Дункан набрал полные легкие воздуху, но не удержался и разразился взрывом хохота.

— В жизни не слышал подобного вздора! Грэйс, любовь моя, вы не можете нести ответственность за то, как джентльмены отвечают на ваши улыбки!

— Вот и Эммелайн так говорит. Но я думаю… — Грэйс вдруг умолкла и повернула голову, чтобы лучше видеть Дункана. — Что вы сказали?

— Я сказал, Грэйс, любовь моя.

— Любовь моя?

— Да, любовь моя.

— О, — выдохнула Грэйс, упиваясь его взглядом, не веря, что он мог обратиться к ней с такими нежными и многообещающими словами.

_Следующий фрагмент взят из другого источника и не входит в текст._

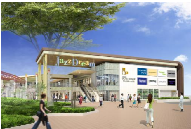
メインゲート（イメージ）

Раскрыв рот, она забыла, что хотела сказать.

Дункан взглянул на этот прелестный полуоткрытый ротик, потом на заплаканные глаза и наконец охватил взглядом все ее лицо, любуясь нежной и гладкой кожей, похожей на спелый персик. При этом он пытался собрать воедино разбегающиеся мысли, но безуспешно. В общей путанице Лэнгдейл-младший совершенно отчетливо сознавал только одно: он чертовски рад, что Грэйс отказала Чарльзу Силлоту!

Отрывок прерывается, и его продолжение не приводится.